With Bellone in office, police see a chance to get the job back. Bellone, whom Suffolk police unions backed strongly in the November election, questioned Levy's savings claims during the campaign and promised to review whether the highway job should be returned to the police.
Some see DeMarco's recent news releases as a pre-emptive strike. "It sounds to me like a marketing ploy," said Paul Sabatino, a former chief deputy county executive under Levy and former legislative counsel. "It's an opening salvo in a battle to win the hearts and minds of Bellone and his administration."
DeMarco said he is simply touting the good work of his deputies, calling his statistics "newsworthy and interesting. The public should know about these things."
Frayler said he wants a review to determine whether deputy overtime costs have risen and other sheriff's functions such as prisoner transport have suffered since deputies took over the highways.
Noting that the county police department was formed in 1960 as a solution to jurisdictional problems among the departments of 10 towns, Frayler also said, "The argument is and always has been that multiple-jurisdiction police doesn't work. . . . The whole reason the Suffolk police department was formed was to get away from multijurisdictional policing."
Levy, seeking to buoy his final budget, inked an agreement in September with the deputy sheriff union to keep them patrolling the two roadways through 2017. In return, the union agreed to defer $4 million of an $8 million salary arbitration award until 2015 -- the year Bellone has to run for re-election.
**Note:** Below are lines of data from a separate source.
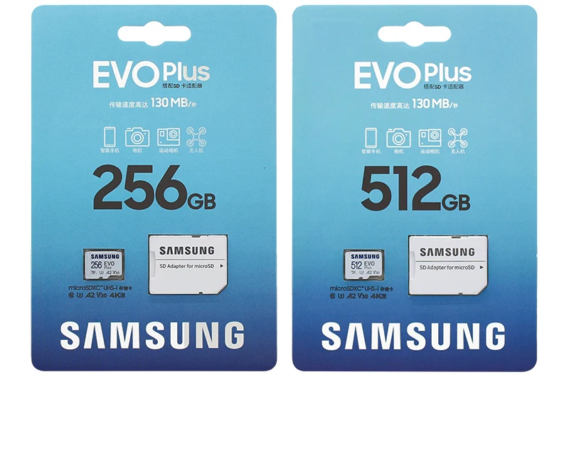 Карта памяти MicroSD SAMSUNG EVO PLUS, 128 ГБ, 256 ГБ, 512 ГБ, A2 V30, скорость передачи данных до 130, МБс., TF-карта класса 10, 64 ГБ, A1 V10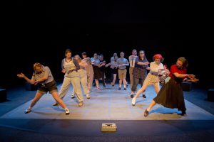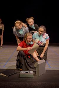 The almost nothing could almost fit in a big suitcase. It consists of a violin, an old typewriter, a few archive boxes, a small mattress, a few folders and papers, and a roll of tape to mark a grid on the stage floor in a totally set-free production. These few props were chosen by the student actors to help them summon forth students from 70 years ago at Black Mountain College (BMC) in vignettes, interruptions, songs, and choreography—all original—in a work of devised theater they will perform at Festival Fringe.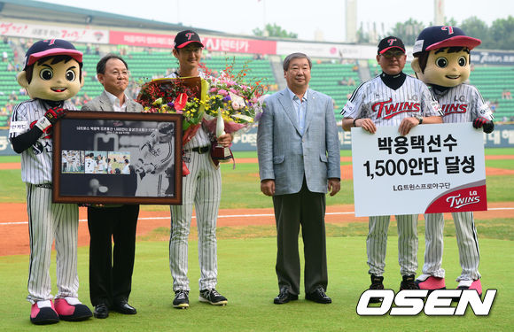 9일 오후 잠실구장에서 열린 '2013 한국야쿠르트 세븐프로야구' LG 트윈스와 롯데 자이언츠의 경기전 진행된 LG 박용택 1,500안타 달성 기념 시상식에서 KBO 구본능 총재와 LG 백순길 단장, 김기태 감독, 박용택이 포토타임을 갖고 있다.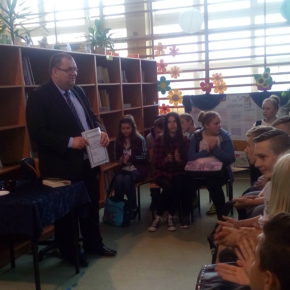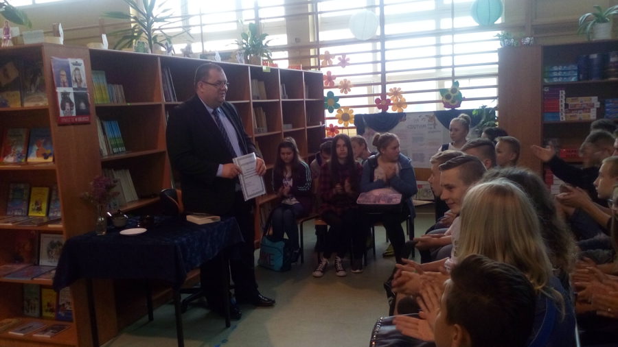 - Wójt Pan Sławomir Ambroziak przeczytał fragment książki ?MAZUR? Jerzego Woźniaka (dla uczniów gimnazjum)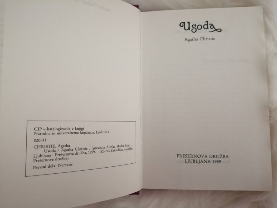 Agatha Christie: Usoda (Nemesis). Prevedla Alenka Moder Saje. Prešernova družba 1989. Trda vezava. Cena: 8 €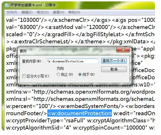 Ctrl + F键,输入<w:documentProtection,点击查找下一个。

With Suffolk strapped for cash, county lawmakers did not make an issue of the pact, though critics say any deal affecting deployment of staff or pay requires legislative approval. Legislative Counsel George Nolan called the issue "open to question."
Jon Schneider, a Bellone spokesman, said the county executive's priority is focusing on Suffolk's budget gap and "reforming the police department to deal with gang violence and prescription drug abuse." The highway patrol issue will wait until Bellone names a new police commissioner, but "we will absolutely review it," Schneider said.
John Gallagher, a former Suffolk police commissioner under Levy and previous County Executive Robert Gaffney, said initial police union complaints that deputies' patrols endangered public safety were excessive, noting that other agencies including the State Police already patrol East End highways and state parkways.
"But there is still the inherent problem [of] putting one law enforcement agency in charge of highways that go right down the spine of another agency's jurisdiction. That kind of split never works well," Gallagher said.
Legis. Thomas Barraga (R-West Islip) said the police union already has lost the road war and that Bellone "should not waste one second" revisiting the issue. "The sheriff has proved he can do the job very effectively at less expense. . . . I don't see why there has to be any change," Barraga said.
Deputies vs. police
According to data comparing patrols by the Suffolk sheriff's deputies and Suffolk police on the Long Island Expressway and Sunrise Highway:
TRAFFIC TICKETS: In their final 12 months of highway patrols in 2007 and 2008, Suffolk police issued 36,790 summonses -- more than twice the 17,171 that sheriff's deputies wrote in 2011.
FATALITIES: Under police patrols, traffic fatalities between Sept. 15, 2005, and Sept. 15, 2008 -- the date that the deputies took over the highways -- were 27. Under deputy patrols, 19 fatalities occurred between Sept. 15, 2008, and Sept. 15, 2011.
DWI: Deputies made 417 DWI arrests between Sept. 15, 2010, and Sept. 15, 2011, compared to 293 by the police in its last 12 months on the highways. In other years, deputies' DWI arrests were more in line with the final police data; deputies made 294 DWI arrests in 2010 and 308 in 2009.